Cannabis and medical use in the Netherlands
The Netherlands has been seen as a bastion for the cannabis
smoker for a very long time. It is where tourists, students, medical users and
anyone looking for a bit of enlightenment make a pilgrimage to in order to
sample some of the wonders of marijuana. But did you know that weed is not
technically legal there?
Through loopholes in law and by public consensus, the
governing body of the Netherlands operates under a policy of tolerance. This
means anything that is classified as a “soft drug”
by the government, (which cannabis is), doesn’t involve the pursuit of
individual prosecutions for personal possession.
There is a fine line though. Personal use is tolerated, but
anything that may be seen as an intent to supply will
be pursued with the full force of the law. Having more than 5 grams of cannabis
in a public area, or 30 in a private will see someone land in serious trouble.
You will also face prosecution if you are found growing more than 5 plants.
That’s not to say that if a policemen catches you with less they will let you
go on your way with no consequences. It will be down to the policeman's
discretion - so you best hope they are having a good day, or they may
confiscate your goods as they are still technically illegal. You just don’t
have to worry about prosecution. In general it is a well known fact that many
Dutch citizens are growing a plant or two each summer. Even in the Dutch climate,
all you need is a cannabis
growing guide and a few good seeds to grow enough weed for personal usage.

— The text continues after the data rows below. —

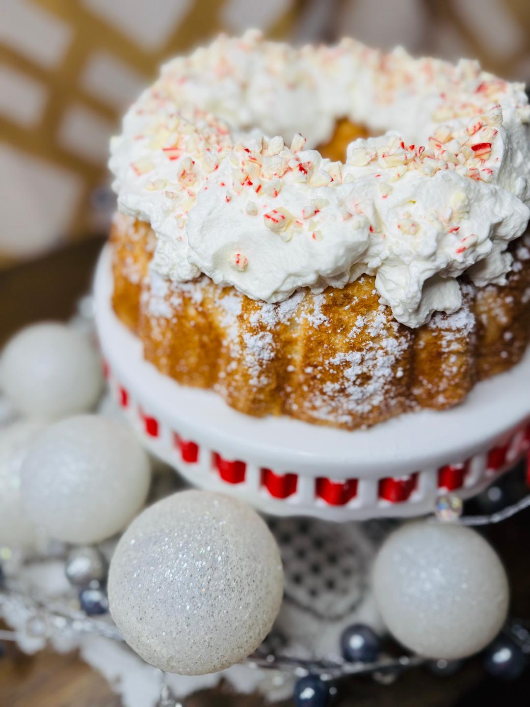 “A Christmas Angel Match” on Hallmark Channel was full of heavenly delight! I loved Benjamin Ayres and Meghan Ory as the match making angels that they were. And what better way to end the movie than with the two matchmakers becoming a match themselves! The all white attire, and setting up in the clouds was done very well and really set the tone for these character’s roles. I wanted to make something light and fluffy just like the clouds these characters resided in. No better heavenly treat than angel food cake! With a Christmas twist of course!
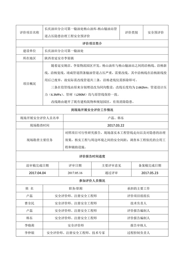 長(zhǎng)慶油田分公司第一輸油處楊山油庫(kù)-楊山輸油站管道占?jí)弘[患治理
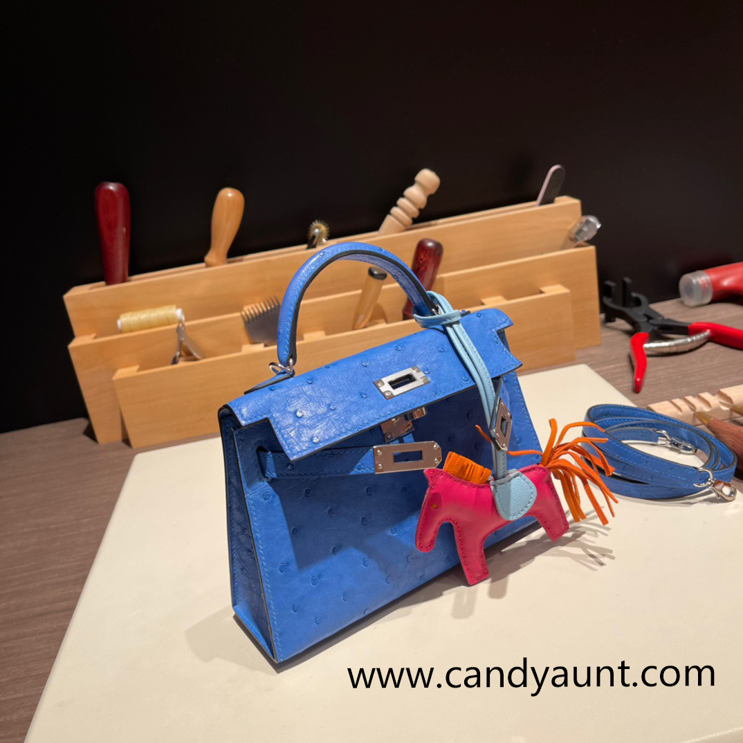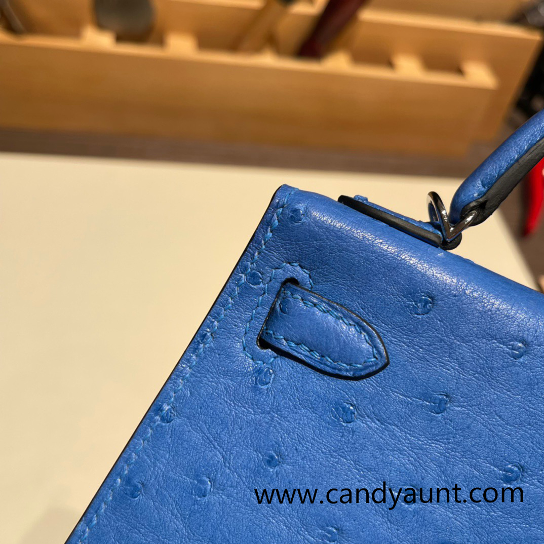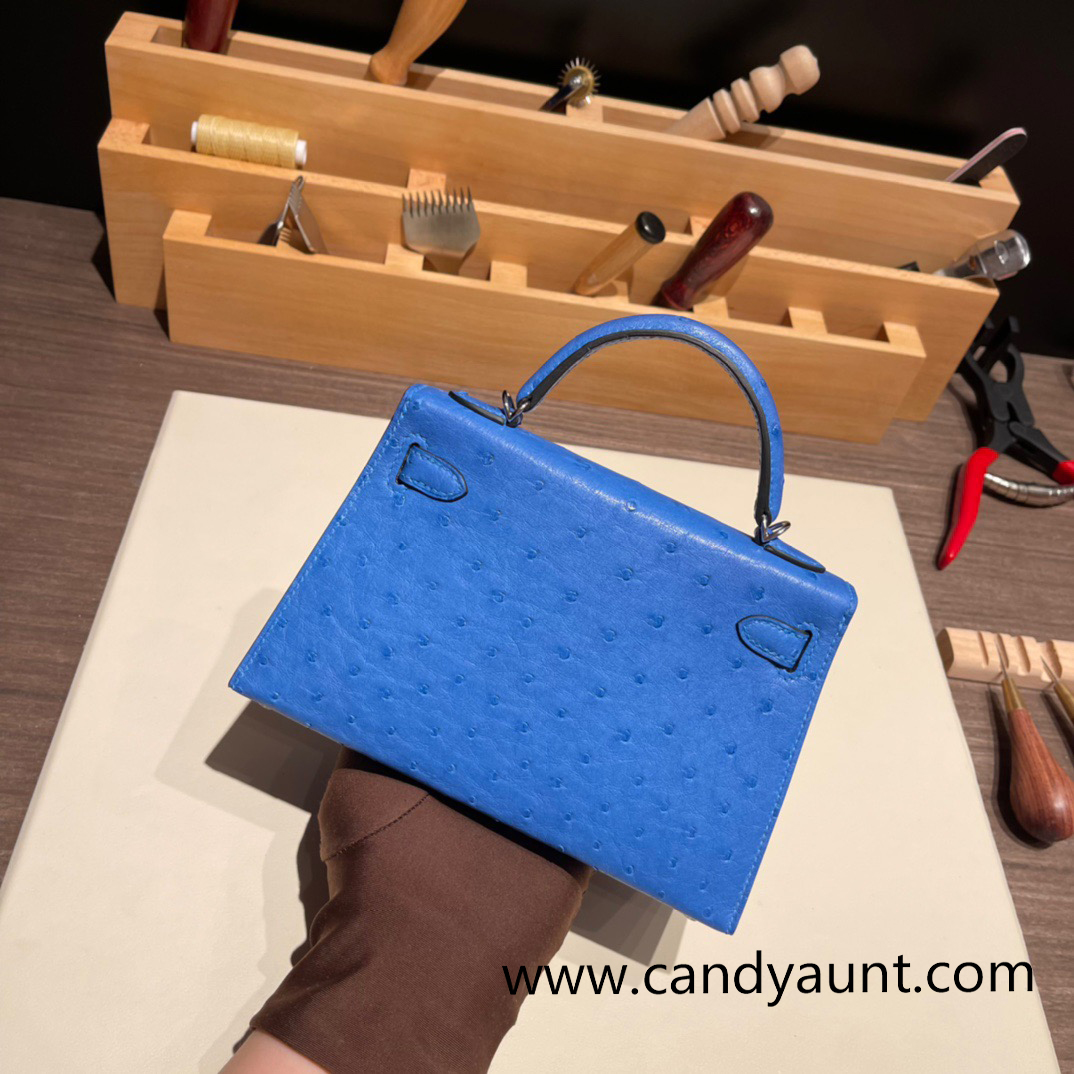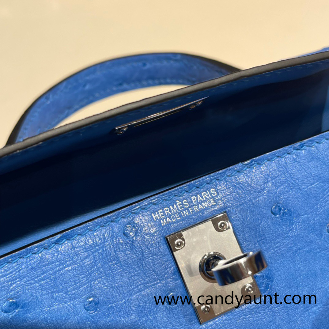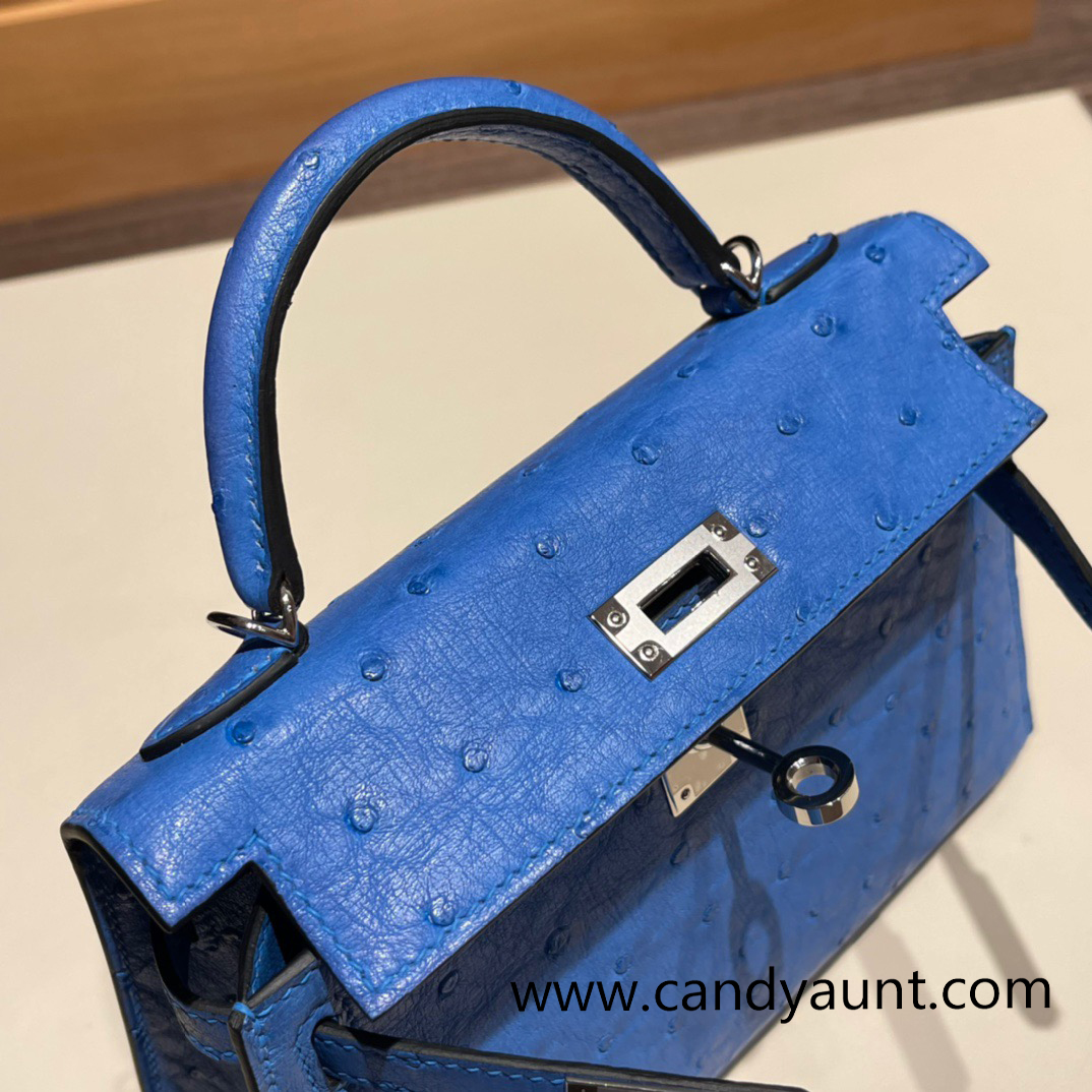 Hermes kelly20 ostrich 19cm 7Q/ Mykonos Silver Hardware Full Handmade kellymini-014

With the development autoflowering genetics, plants
can basically be grown anywhere.
The only place you can “legally” obtain cannabis is within a
coffee shop, and these are only allowed to stock up to 500g at a time. Of
course, they are not allowed to grow the weed as cultivation of anything more
than 5 plants is illegal, so their supply has to appear out of nowhere. For now
this system seems to be working, with the government focusing on stopping
cultivation instead of clamping down on the everyday user looking to relax. Cannabis seeds can still
be legally bought on the internet and the Netherlands is still the main
provider for cannabis seeds and top-notch genetics.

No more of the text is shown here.